Furthermore, it was interesting to note that all the markers corresponding to the three C. liberica introgressed fragments exhibited no segregation distortion and that recombination events occurred between markers. These findings support the earlier reported view that the introgression of genes into C. arabica from diploid species like C. canephora appears not to be limited by differences in either sequence homology or chromosomal structure (Herrera et al. 2002; Noir et al. 2003).

A probable consequence of the introgressed origin of the SH3 resistance gene was that the AFLP technique proved to be a powerful tool for identifying linked DNA markers. A total of 21 markers tightly linked to the SH3 rust resistance gene were identified. Similarly, Noir et al. (2003) demonstrated the efficiency of AFLP in identifying markers linked to an introgressed major gene (Mex-1) conferring resistance to root-knot nematode (Meloidogyne exigua) in C. arabica. In both cases, introgressed materials involving two different diploid species (C. canephora and C. liberica) were used as the source of resistance and almost all genetic polymorphism in such materials, as revealed by molecular markers, was attributed to the introgression process (Lashermes et al. 2000b; Prakash et al. 2002).

It is apparent that the usefulness of the identified AFLP markers linked to the SH3 gene in marker-assisted selection (MAS) will depend on the distance and orientation of the markers with respect to the gene (Frisch and Melchinger 2001; Hospital 2001). High efficiencies require small distances between the markers and the genes, thereby minimising the chances of recombination between the marker and the gene of interest. In our study, all of the markers linked to the SH3 gene were distributed at a distance of 6.3 cM, and the recombination within the introgressed region was also evident as six recombinants were identified in the population.

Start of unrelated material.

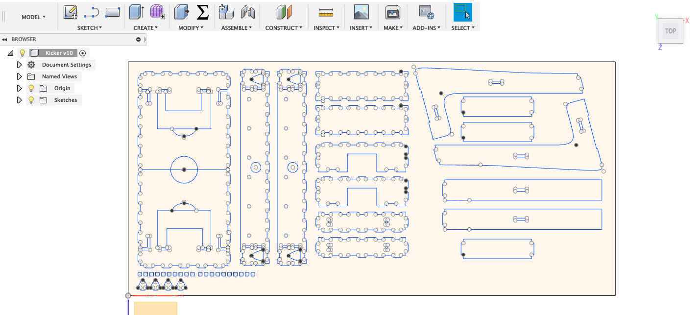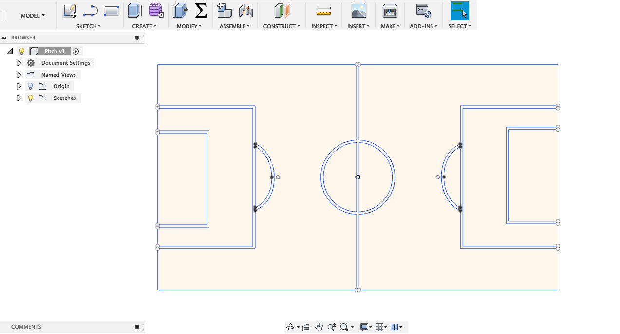 To create my design I used Autodesk Fusion 360. At first I hat to come up with a cool idea for this assignment, so I searched the internet for inspiration. After a while I decided to design a foosball table. To get a rough idea of how all the parts are composed, I started drawing a sketch. Since the size of the wood panel was 250x120cm, I had to modify the original size of the foosball table. The original length of the soccer field is 120x68cm. I scaled everything except of the table legs with a factor of 0.66667 so that my soccer field is 80x45. I did this, because if I would have used the original sizes, I wouldn't have enough space to mill the table leg's. I did a couple of calculations, since I had to design 9 pieces (excluding the leg's).

However, no recombinant individuals were detected between the SH3 and marker M8. In fact, this marker was found to co-segregate perfectly with SH3, which determines the high selection efficiency of this marker for resistance genotypes.

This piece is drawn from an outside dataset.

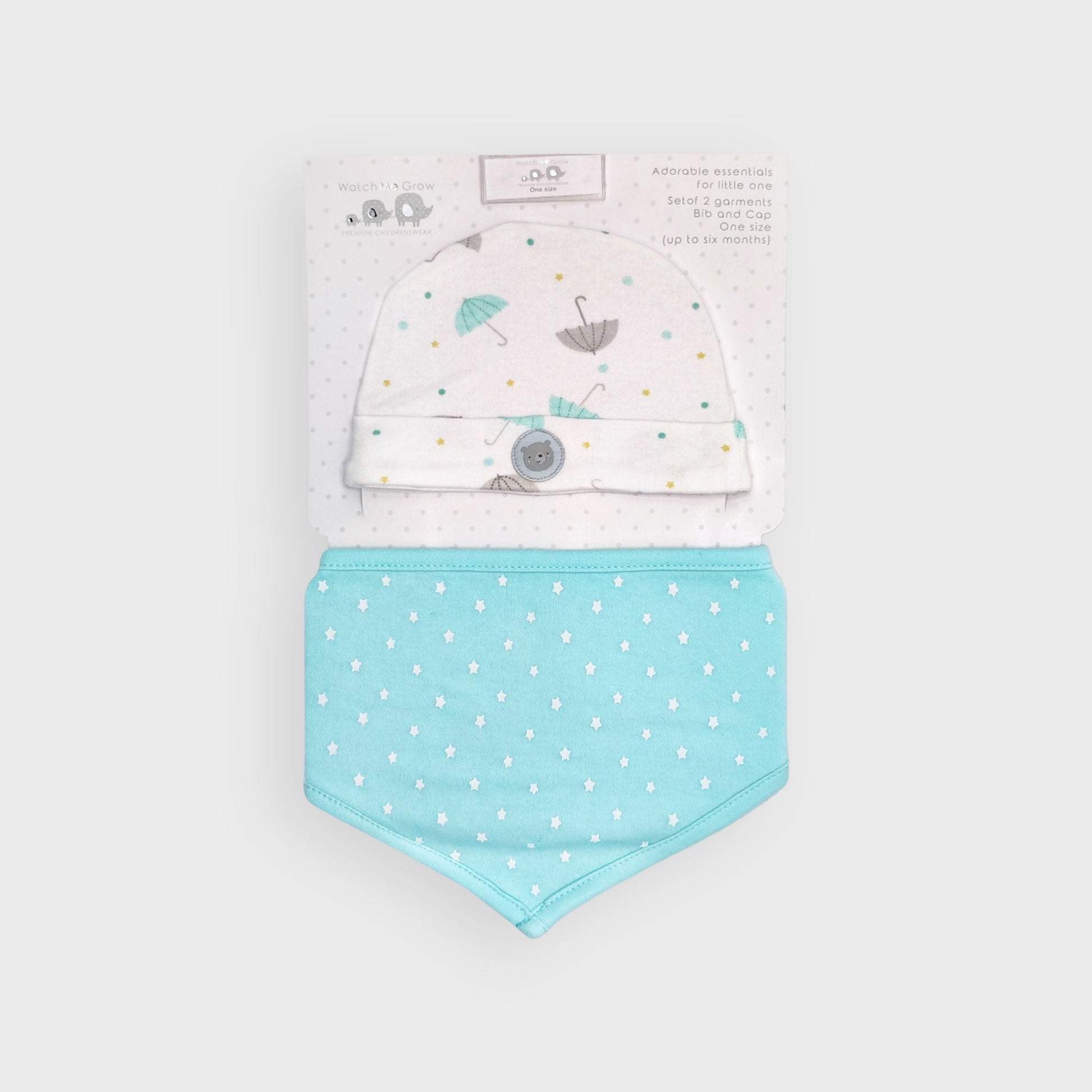 Bring a splash of charm to your baby's daily essentials with the Watch Me Grow Hat & Bib Set. The soft white layette hat features an all-over umbrella print and a turned-up brim complete with an adorable bear badge, crafted from 100% cotton jersey for ultimate comfort, these hats are not only soft but comfortable around baby's head. Paired with a cyan bandana-style bib decorated with a playful star print and a secure Velcro fastening, these bibs are super soft for your baby's skin. This set is as functional as it is delightful. Suitable for baby boys and girls, it’s a lovely unisex addition to any little wardrobe.

The identification of molecular markers linked to rust resistance genes is an important starting point towards improving the selection efficiency in coffee breeding programmes. This is the first report on DNA markers linked to a gene conferring rust resistance in coffee. As the resistance in coffee is known to be governed by the gene-for-gene concept, there is a potential for high similarities among the SH resistance genes, and this molecular information generated on SH3 affords insight and scope to approach other SH genes. Further, the identified markers may also be used for pyramiding of the different resistance sources (Duvick 1996; Liu et al. 2000). As breeding for rust resistance is an important part of coffee breeding programmes, efforts are being made to convert the identified AFLP markers into sequence-specific PCR-based markers (Koebner et al. 1998; Arru et al. 2003). Thus, the findings of the present study are the first step towards exploitation of MAS and map-based gene cloning strategies in coffee.